11,6 Milliarden Euro investiert: Chinesische Investoren übernehmen so viele deutsche Firmen wie nie zuvor
Von Januar bis Ende Oktober haben chinesische Firmen 22 mal so viel Geld in deutsche Unternehmen investiert wie im Gesamtjahr 2015. Der Trend wird ganz unterschiedlich bewertet
Kuka, Kraussmaffei, die Osram-Sparte Ledvance: Es sind nicht die bekanntesten Namen der deutschen Industrie, die auf der diesjährigen Einkaufsliste chinesischer Investoren auftauchen, dahinter verbergen sich aber einige der strategisch wertvollsten Unternehmen. Die Zeiten, in denen China sich hierzulande insolvente Motorradwerke abbaute, um sie für die billige Massenfertigung daheim neu aufzubauen sind vorbei.

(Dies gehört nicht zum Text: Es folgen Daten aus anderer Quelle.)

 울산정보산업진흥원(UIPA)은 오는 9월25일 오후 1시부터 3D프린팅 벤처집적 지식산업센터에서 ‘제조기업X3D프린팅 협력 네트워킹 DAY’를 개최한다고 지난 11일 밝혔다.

Nach einer aktualisierten Auswertung des Beratungsunternehmens EY haben Investoren aus China und Hongkong von Januar bis Ende Oktober 11,7 Milliarden Euro für die Übernahmen deutscher Firmen ausgegeben, das ist 22 mal so viel wie ein Jahr zuvor.

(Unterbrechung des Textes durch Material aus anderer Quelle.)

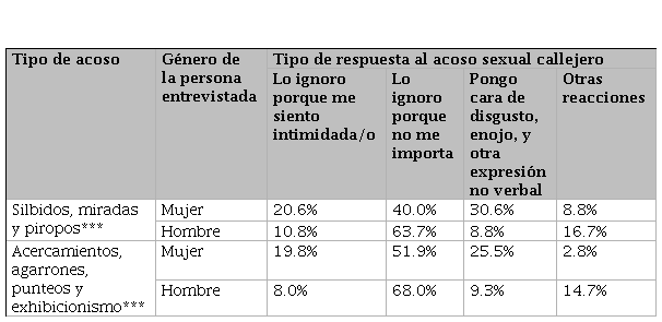 La tabla 7 revela las diferentes respuestas de hombres y mujeres a las dos grandes categorías de tipos de acoso sexual callejero que hemos agrupado en este estudio, ambas con diferencias estadísticamente significativas al 99%. En el caso de "silbidos, miradas y piropos", el 20.6% de las mujeres indicó que ignoran el acoso porque se sienten intimidadas, mientras que el 40.0% lo ignora porque no les importa. Un 30.6% de las mujeres pone cara de disgusto, enojo u otra expresión no verbal, y un 8.8% manifiesta otras reacciones. Los hombres, por otro lado, ignoran el acoso en un 10.8% debido a intimidación y en un 63.7% porque no les importa. Solo el 8.8% de los hombres responde con una expresión no verbal de disgusto. Para "acercamientos, agarrones, punteos y exhibicionismo", el 19.8% de las mujeres ignora el acoso por sentirse intimidadas y el 51.9% porque no les importa. Un 25.5% muestra una expresión no verbal de disgusto y un 2.8% tiene otras reacciones. En contraste, el 8.0% de los hombres ignora el acoso por intimidación y el 68.0% porque no les importa. Solo el 9.3% de los hombres muestra disgusto. La encuesta también refleja que de las personas que experimentaron "acercamientos, agarrones, punteos y exhibicionismo", solo dos personas (ambas mujeres) presentaron una denuncia. En la categoría de "silbidos, miradas y piropos", tres personas presentaron denuncias, incluyendo dos mujeres y un hombre. Estos datos sugieren una baja tendencia a denunciar el acoso sexual callejero, destacando la normalización de esta forma de violencia, desconfianza en el sistema o una falta de recursos para abordar adecuadamente estos incidentes en las respuestas de las personas entrevistadas.

Einige Summen sind in die Statistik noch gar nicht enthalten. So ist zum Beispiel nicht bekannt, wie viel die chinesische Unternehmerfamilie Deng den Berliner Gebrüdern Schweitzer für den Einstieg bei ihrem Recycling-Konzern Alba zahlen. Auch der erst am Dienstag bekanntgewordene Teilverkauf des Berliner Navigationsspezialisten Here nach China steckt nicht drin. Der Trend ist aber klar. „Chinesische Unternehmen blicken auf ihrer Suche nach Akquisitionen bereits seit geraumer Zeit intensiv auf Europa und insbesondere auf Deutschland“, erklärt EY-Partner Alexander Kron.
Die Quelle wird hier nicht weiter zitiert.